■ Brief ■
The copy you give must match the lines from the top of the data through the line containing "Idag sänker jag" exactly, and it must hold no pictures.

■ Dataset excerpt ■
____

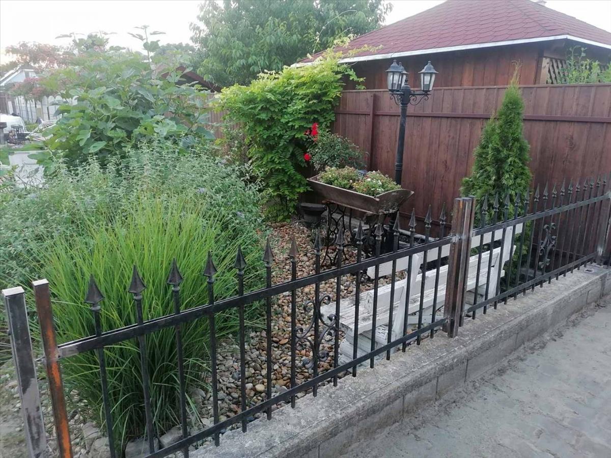 A kertet jelenleg virágok, gyümölcsfák, magas ágyás, mű fű szépít és mindezek gondozásáról fúrtkútról automata öntözőrendszer, csepegtető gondoskodik.
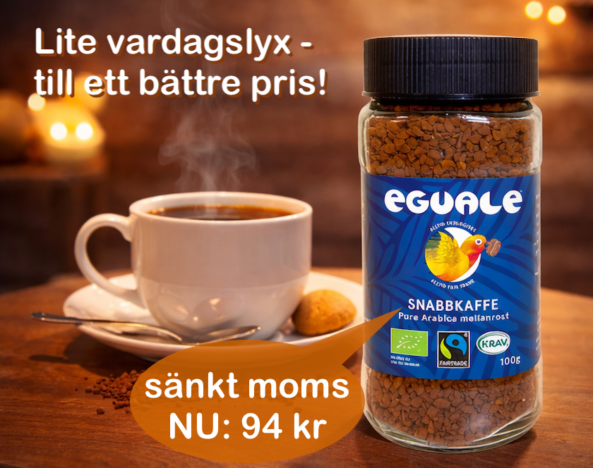 Idag sänker jag momsen på den enda produkt i min butik som är en "matvara" – och det gäller ett snabbkaffet som många av er redan tycker om: Eguale Pure Arabica Snabbkaffe.
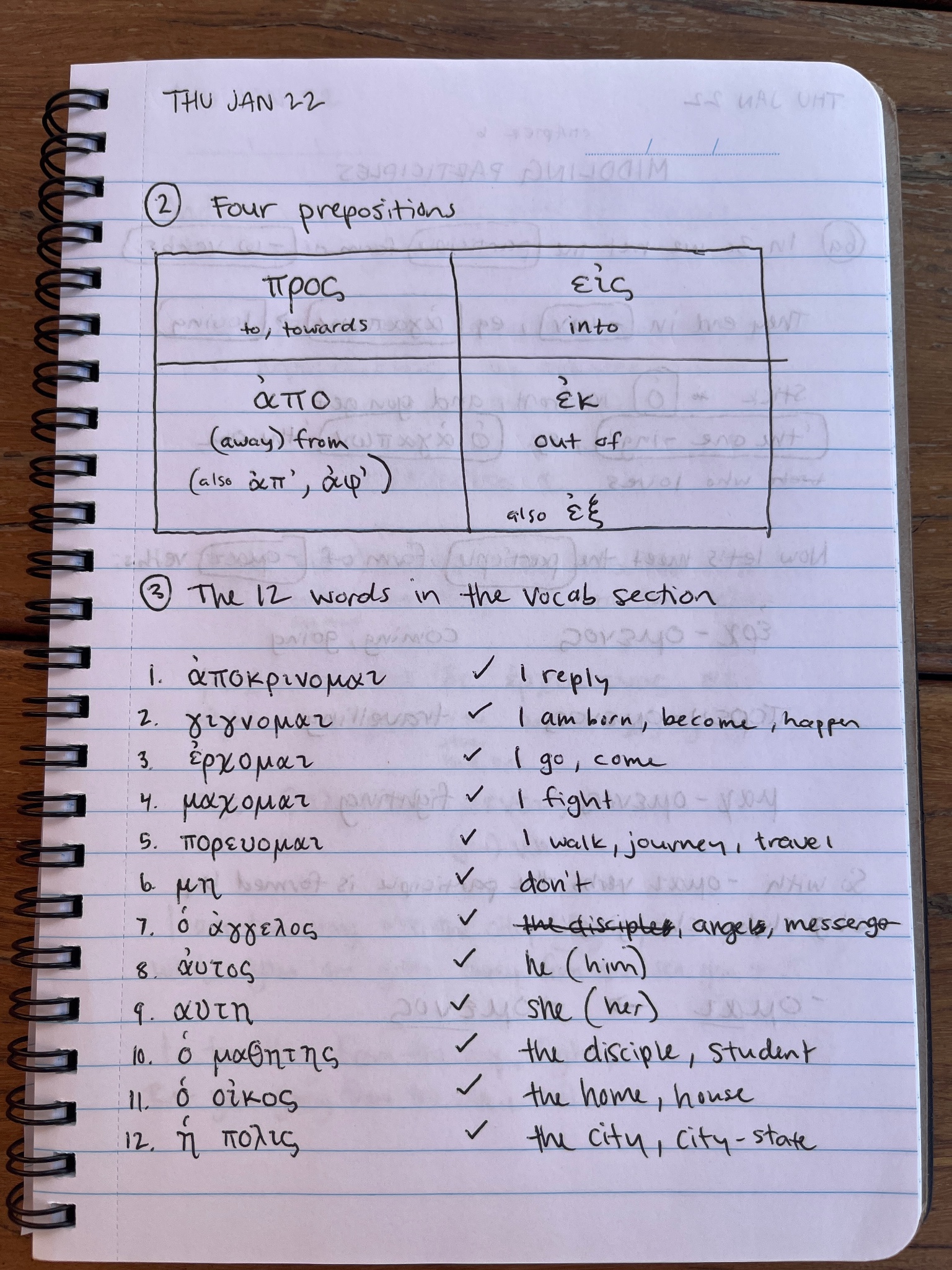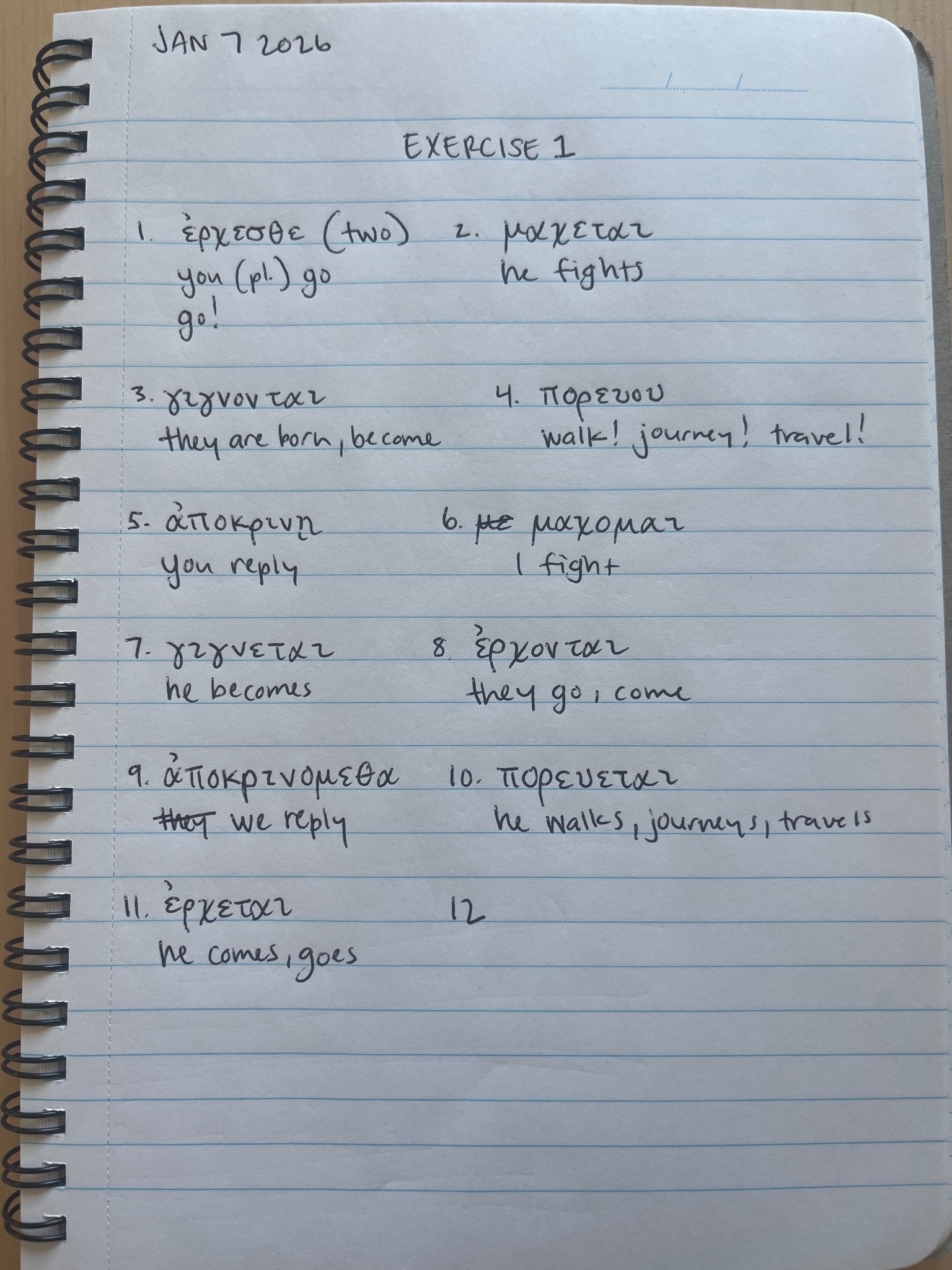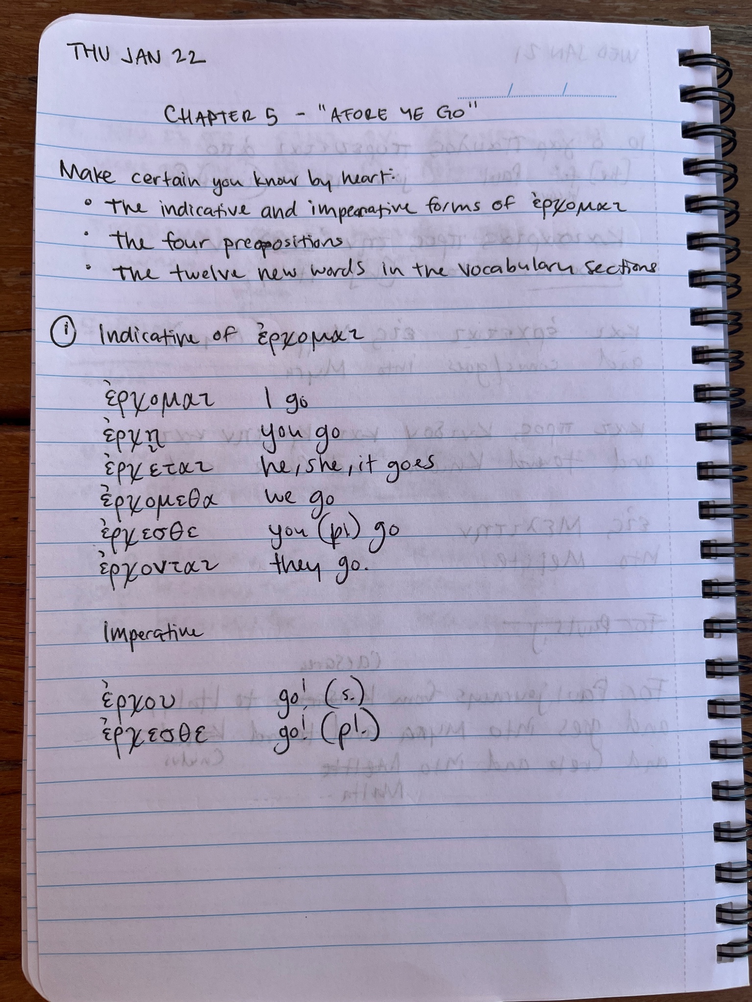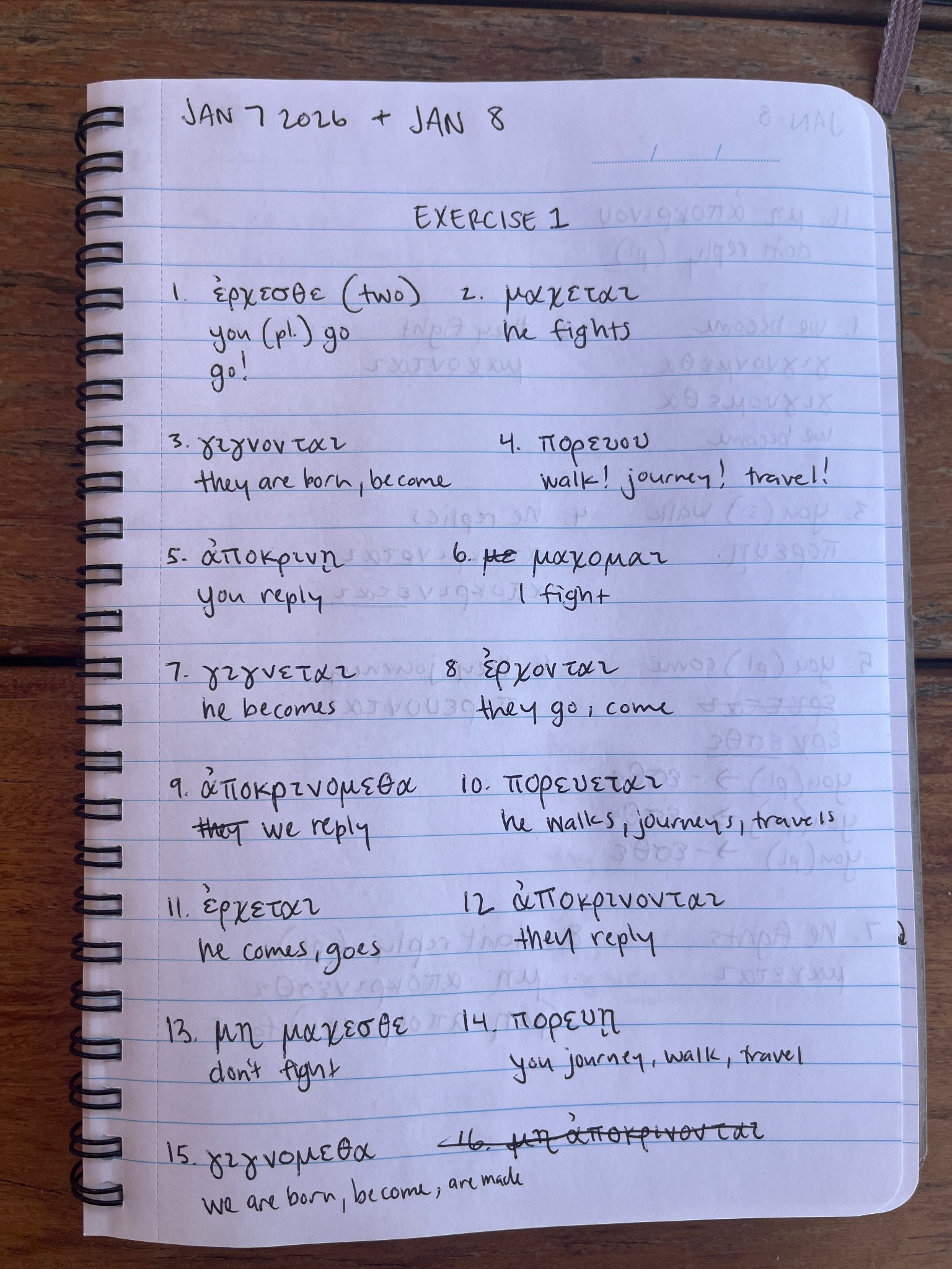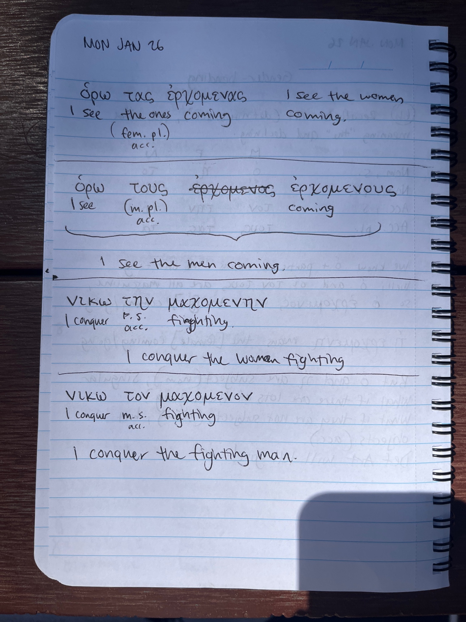 Finished my Ancient Greek lesson for today. Typed up my Chapter 3 notes in Notion. Hoping to move that over to this site soon.

____

■ Result of this task ■
 A kertet jelenleg virágok, gyümölcsfák, magas ágyás, mű fű szépít és mindezek gondozásáról fúrtkútról automata öntözőrendszer, csepegtető gondoskodik.
 Idag sänker jag momsen på den enda produkt i min butik som är en "matvara" – och det gäller ett snabbkaffet som många av er redan tycker om: Eguale Pure Arabica Snabbkaffe.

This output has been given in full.